Since then, a lot has changed. IV has become IVUnited, as we further dissected our development plan and branding strategies for the years to come. We learned how to jump through the hoops of the non-profit landscape. When we first started this initiative, we knew how to solve problems in the real world and create helpful environments that could help our communities, but we didn’t know much about the non-profit sector’s “game”. In these five years, we learned how to chase after our development ideals and build for the long-term, without letting established norms bend or diminish our standards for humane kindness, priorities and hopes. Our platform has changed. We have had to deal with plagiarism where we were looking for collaboration. Some of our strategies and development projects have even been taken over by bigger organizations – and are now being implemented without us. Last year, we also had a fire at our official headquarters, forcing us to close down for some time.
It has been difficult in more ways than expected.
Despite all these obstacles, the lands of activism, humanitarianism and philanthropy have never been better. These past years have seen such drastic change lead by the #MeToo movement and youth-driven protests worldwide, the path is more comfortable to walk for all change-makers and innovators worldwide.

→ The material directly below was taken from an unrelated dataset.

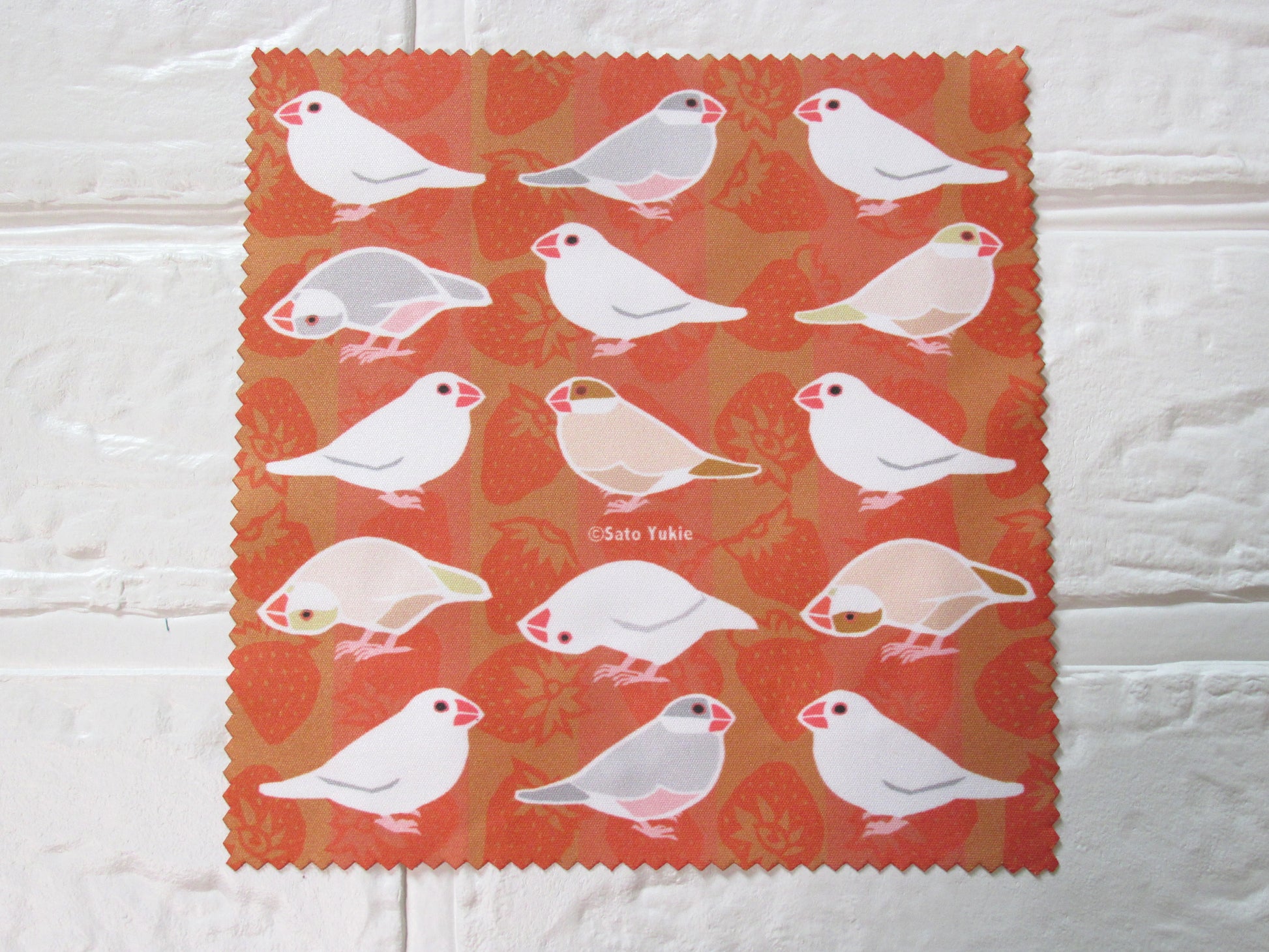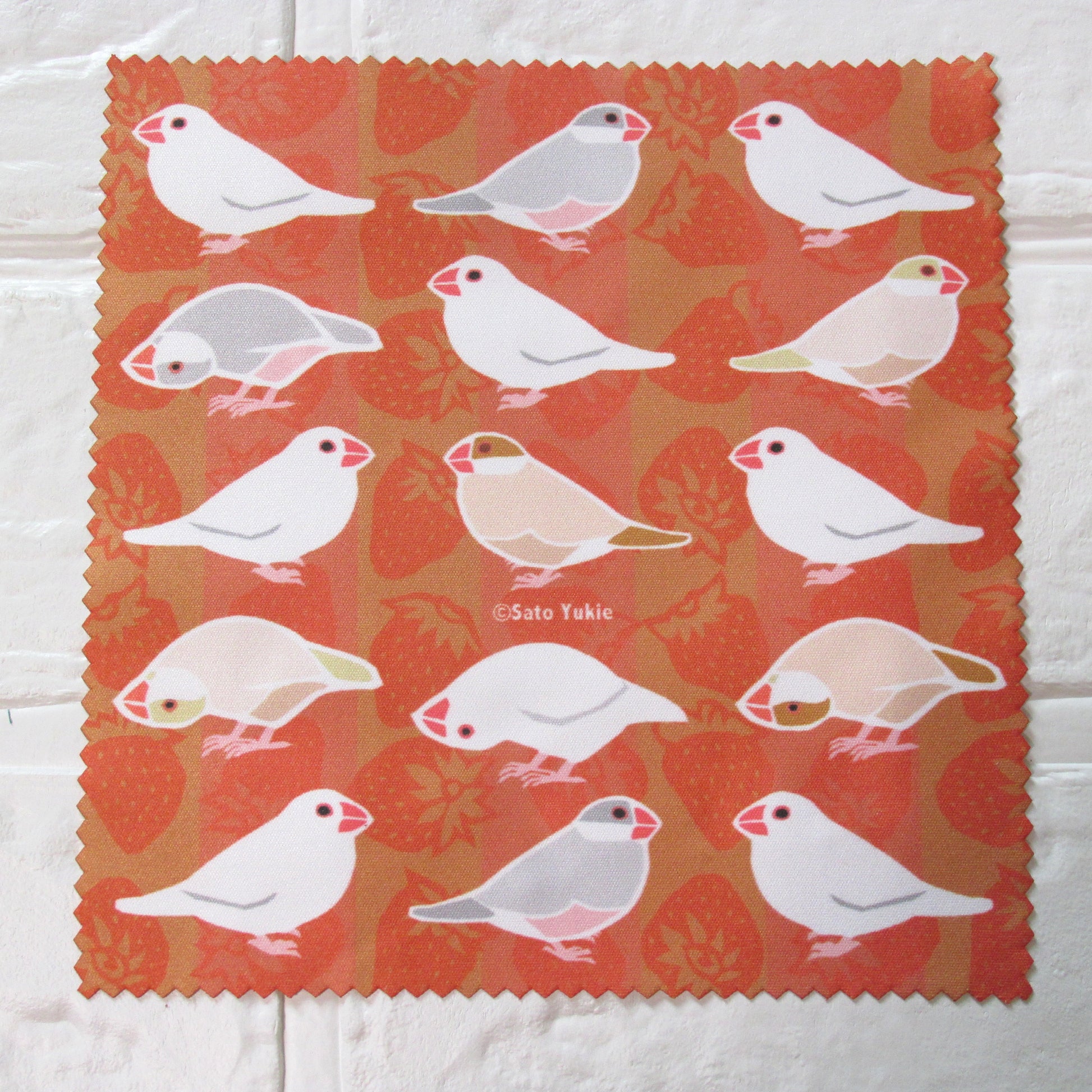 マイクロファイバークロス いちご文鳥(クリーム×シルバー×白×シナモン)

As we are getting ready for our new projects this year, and redesigning our collaborative open source platform, we are reflecting on the way we got here in the first place. Why we need the independent volunteers mentality, why IVUnited needed to exist, and all that it will take to brave through the obstacles that separate us from a fairer world.

Create Reality
A cause for us all.
IV was launched to create philanthropic projects. IV stands for Independent Volunteers, welcoming all the people who have decided to take a stand against a source of suffering in this world, regardless of their backgrounds, origins, political views or professional alliances. IV’s mission is to bring improved realities to life. Driven by visionaries, embracing innovation, we work together to shape a piece of future. This union serves of guidance to philanthropists, social-entrepreneurs and activists of all horizons to find the roadmap, tools, approvals, support and funding they need in order to make ideas for change a reality today. The world is changing at an unprecedented speed. It’s time that our approach to global humanitarian actions did as well.
Why It All Started
A letter of intention by our founder, Mia Sea.
“Thank you for showing me that I will not spend my life working on illusions. I will instead start creating beautiful realities.”

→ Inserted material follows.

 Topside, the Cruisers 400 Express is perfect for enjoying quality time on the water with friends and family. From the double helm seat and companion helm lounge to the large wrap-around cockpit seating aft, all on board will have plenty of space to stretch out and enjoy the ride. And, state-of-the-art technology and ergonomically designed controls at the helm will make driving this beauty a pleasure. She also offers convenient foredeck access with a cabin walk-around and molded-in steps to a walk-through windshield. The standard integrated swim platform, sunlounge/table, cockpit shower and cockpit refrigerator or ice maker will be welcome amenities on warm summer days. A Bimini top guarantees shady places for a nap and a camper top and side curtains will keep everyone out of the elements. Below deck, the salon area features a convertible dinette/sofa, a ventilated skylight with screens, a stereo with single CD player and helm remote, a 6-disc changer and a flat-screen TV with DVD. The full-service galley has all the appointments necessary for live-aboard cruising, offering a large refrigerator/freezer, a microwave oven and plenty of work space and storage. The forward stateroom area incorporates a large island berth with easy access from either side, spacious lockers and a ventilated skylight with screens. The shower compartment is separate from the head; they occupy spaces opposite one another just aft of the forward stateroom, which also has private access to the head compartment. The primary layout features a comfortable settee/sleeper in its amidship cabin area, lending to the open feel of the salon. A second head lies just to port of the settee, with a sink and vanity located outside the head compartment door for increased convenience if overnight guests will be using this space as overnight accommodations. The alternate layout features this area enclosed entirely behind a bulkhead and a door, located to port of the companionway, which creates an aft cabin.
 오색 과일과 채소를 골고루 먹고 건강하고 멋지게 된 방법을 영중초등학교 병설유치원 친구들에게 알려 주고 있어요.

A few years ago, I was graduating with a master’s degree in advertising and communication in Paris, and this was the last sentence of my thesis’ presentation. My studies gave me clarity on the methods of a field that influenced and insidiously groomed populations towards consumption. I had been trained in semiotics, behavioral psychology and neuroscientific observations in order to learn how to condition people. Make them feel the beautiful and powerful emotions that we are designed for in order to survive and thrive as a species, and use this genetic programming to make people love and need and need more of the products, the brands, the businesses around us.
I grew up between the avant-garde fashion industry and show business, and back then, learning how to shape fantasies seemed like a logical path for my future. As a child of a weird creative bubble, I longed for structure and ways to learn how to make sense of reality, to a point where sciences more than arts became my fantasy. Communication and advertising, oddly enough seemed like something between both, giving a controlled and quantifiable framework to the release of shared visions and information. That’s what publicity is after all, it’s all about quantifying dreamy and buzzed up fluff.
Both advertising, show business and the fashion industry were always very creepy worlds to me. When you dig into those creative industries, there is so much duality, and where there is beauty there is filth, where there is celebration there is sadness and abuse. Both fame and disgrace, extreme poverty and insane wealth, people thriving and dying stupidly, and all of this blended together in a dogmatic mess that passes crime and slow death for artistic spirit and edgy attitudes. For years, everything around me was built in order to use the young, the women, the misfits, the orphans, the dreamers, in order to feed the power of cult-like entities, be it companies or people. We were creating products and ecosystems that were making people broke, unhealthy and depressed, while the most powerful media I knew were giving a voice to people who had little valuable things to say.
When I was picturing my future, I hoped for something kinder.
When I finished my thesis presentation, it didn’t go well. I mentioned that I was going to make sure that I also know how to create beautiful realities beyond corporate illusions. My teacher threw my thesis across the room.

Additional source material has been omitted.